SOURCE MATERIAL section start

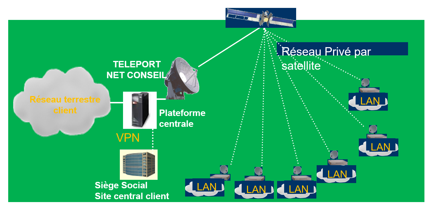 NET CONSEIL conçoit et déploie des réseaux d’entreprise sécurisés via satellite GEO (orbite géostationnaire), adaptés aux sites distants et aux environnements sans infrastructure terrestre.
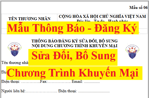 Cụ thể Mẫu số 06 –  Thông báo/đăng ký sửa đổi, bổ sung nội dung chương trình khuyến mại như sau:
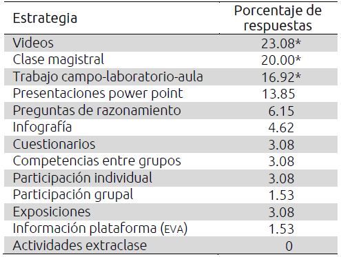 También existieron opiniones divididas y con menores porcentajes, como los cuestionarios, competencias entre grupos, participación individual y exposiciones. Algo notable es el caso del trabajo grupal, una estrategia de aprendizaje que mostró los porcentajes más bajos; con relación a esto, los estudiantes argumentaron su poca participación debido a cruces de horarios o desinterés de ciertos alumnos, incluso en algunos casos solicitaron realizar los trabajos de manera individual; en cambio, en el trabajo realizado por Lesmes-Anel et al. (2001) se evidencia que el trabajo en pequeños grupos fue bastante efectivo.
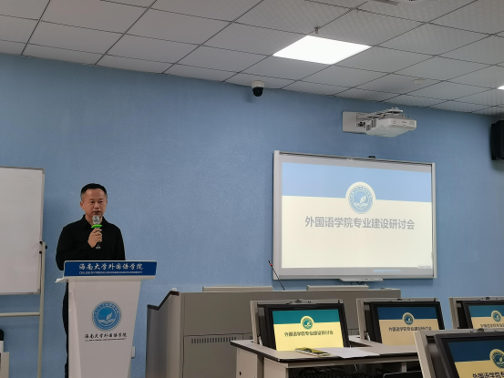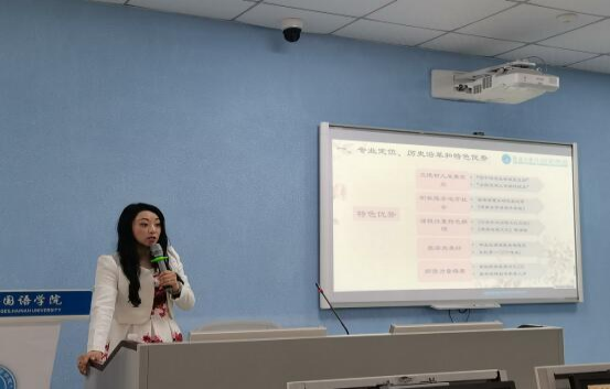 商务英语专业刘素君主任就商务英语专业的培养目标、专业历史、发展计划进行了介绍。商务英语专业通过个性化的培养方案和完善的课程体系,为培养符合海南自贸港建设性人才做出了贡献。商务英语系针对自贸港的建设创建了一系列课程;率先引进了爱丁堡公司嵌入式商务英语课程,开展中外课程合作育人。
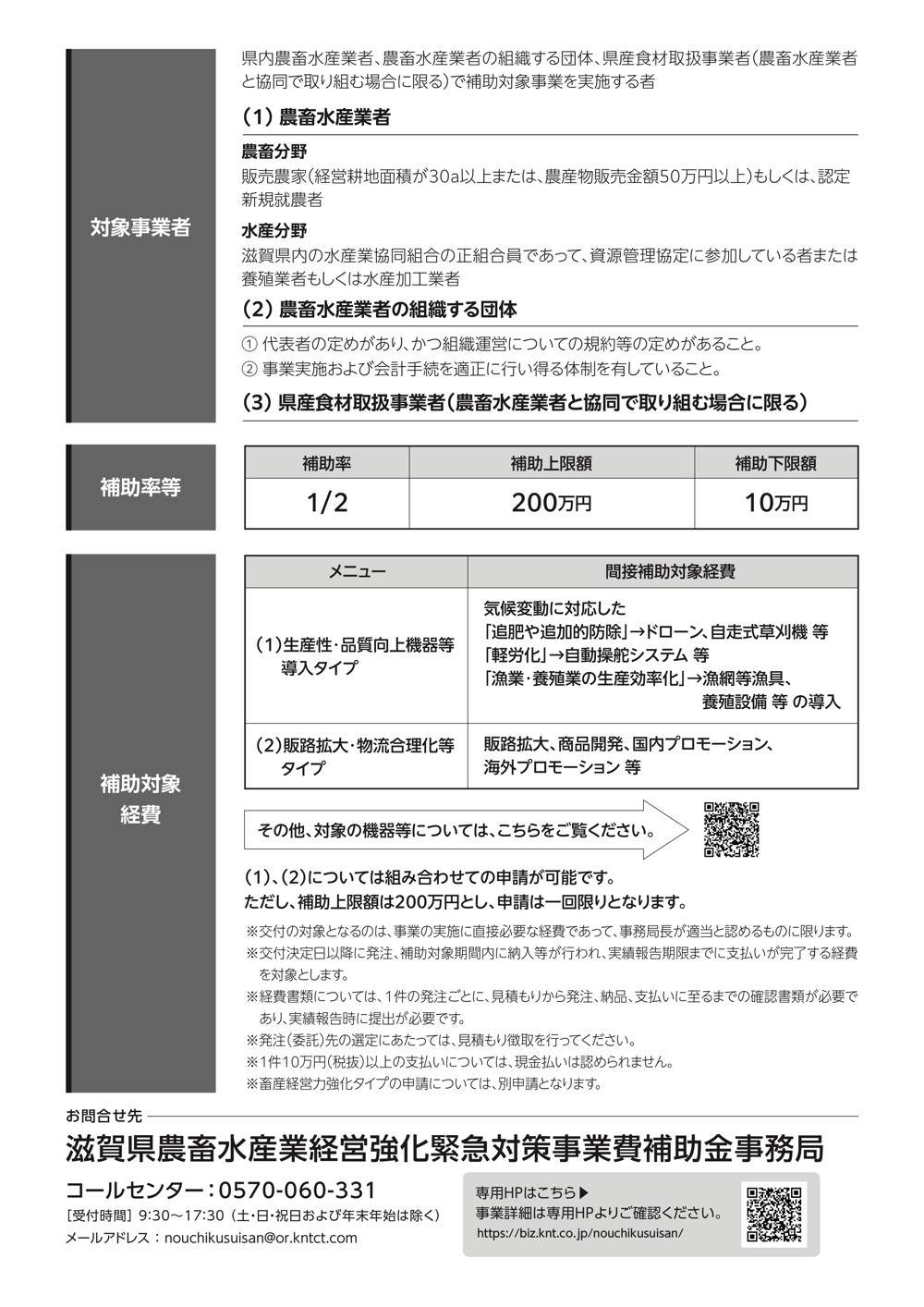 「滋賀県農畜水産業経営強化緊急対策事業費補助金」の詳細ページはこちら
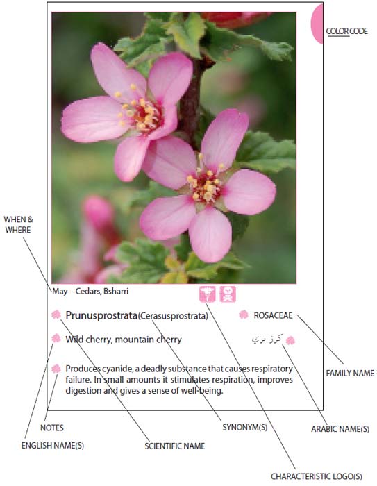 This color-coded guide is designed to be a field companion in nature. Within its compact size, one can find a wealth of information about flowers that are clearly photographed. Information about significant flower characteristics like toxic, edible, endemic, Lebanese, endangered, aromatic, and medicinal properties are illustrated by symbols. English, Arabic, and scientific names are indicated, in addition to the time and location of flower capture. Some info is also included in text format. The guide is rich in indexes, making it easy to get to any plant by any given property.
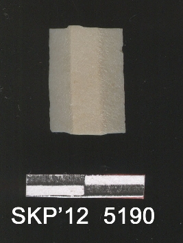 | Description / विवरण | This is a chert blade fragment, broken ends with trapezium cross section, flaked ridges, and sharp margins. |
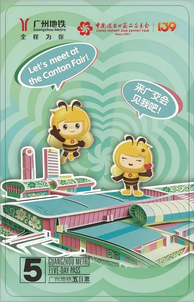 广交会期间,广州地铁将推出广交会系列主题日票,包含主题一日票、主题三日票及第139届广交会限定主题五日票三款:
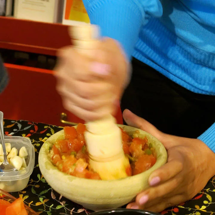 Så grovhakker du 2 modne tomater og støter dem lett i morteren.
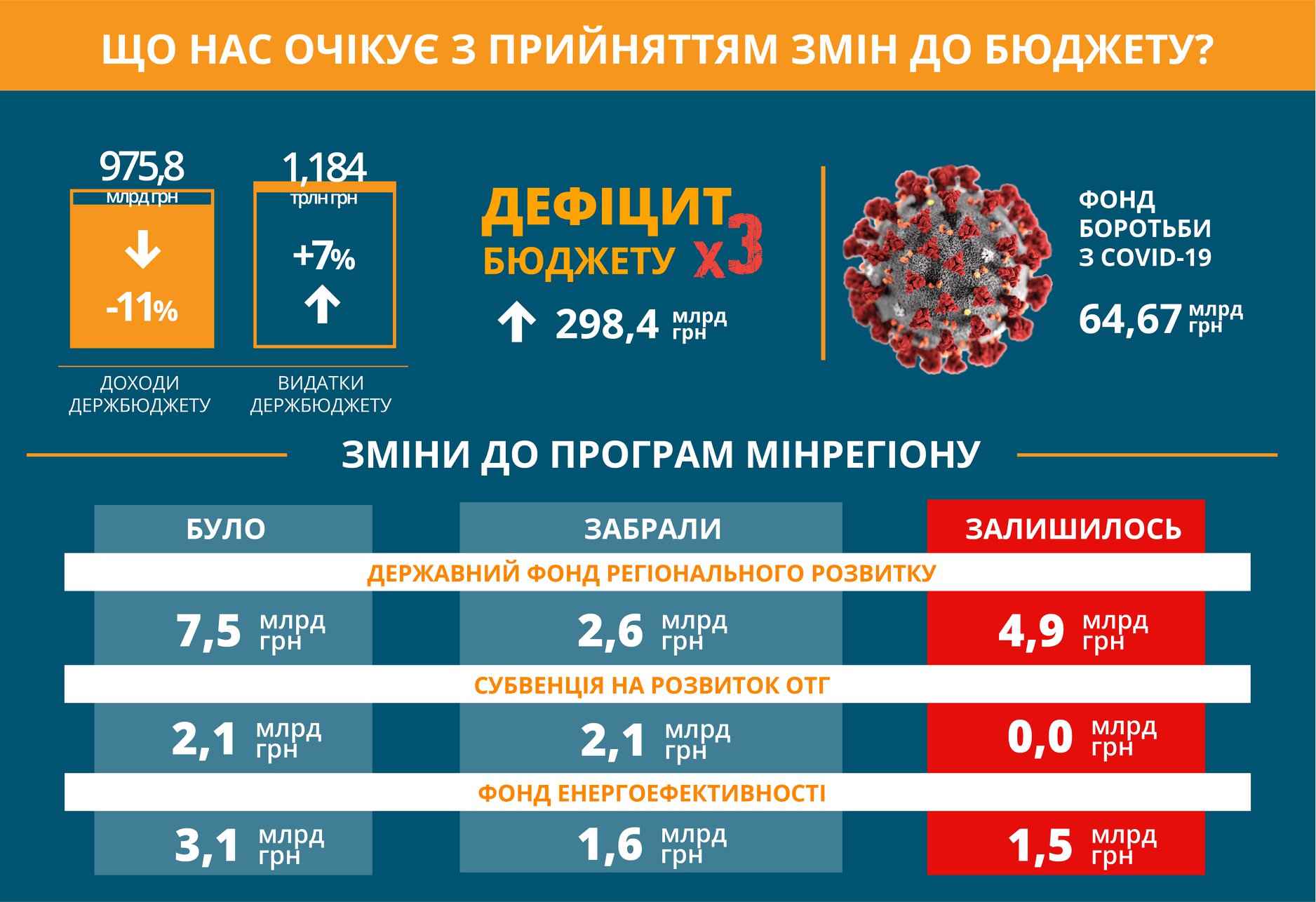 Нагадаємо, з міністерства розвитку громад і території "зняли" 6,8 млрд грн на боротьбу з коронавірусом. Бюджет Фонду боротьби з коронавірусом становитиме 64,7 млрд грн.

SOURCE MATERIAL section end

After locating the line containing "This color-coded guide" in the entries above, return it and every line after it exactly, ending at the line containing "Så grovhakker du", without pictures.

- SOLUTION TO THIS EXERCISE
 This color-coded guide is designed to be a field companion in nature. Within its compact size, one can find a wealth of information about flowers that are clearly photographed. Information about significant flower characteristics like toxic, edible, endemic, Lebanese, endangered, aromatic, and medicinal properties are illustrated by symbols. English, Arabic, and scientific names are indicated, in addition to the time and location of flower capture. Some info is also included in text format. The guide is rich in indexes, making it easy to get to any plant by any given property.
 | Description / विवरण | This is a chert blade fragment, broken ends with trapezium cross section, flaked ridges, and sharp margins. |
 广交会期间,广州地铁将推出广交会系列主题日票,包含主题一日票、主题三日票及第139届广交会限定主题五日票三款:
 Så grovhakker du 2 modne tomater og støter dem lett i morteren.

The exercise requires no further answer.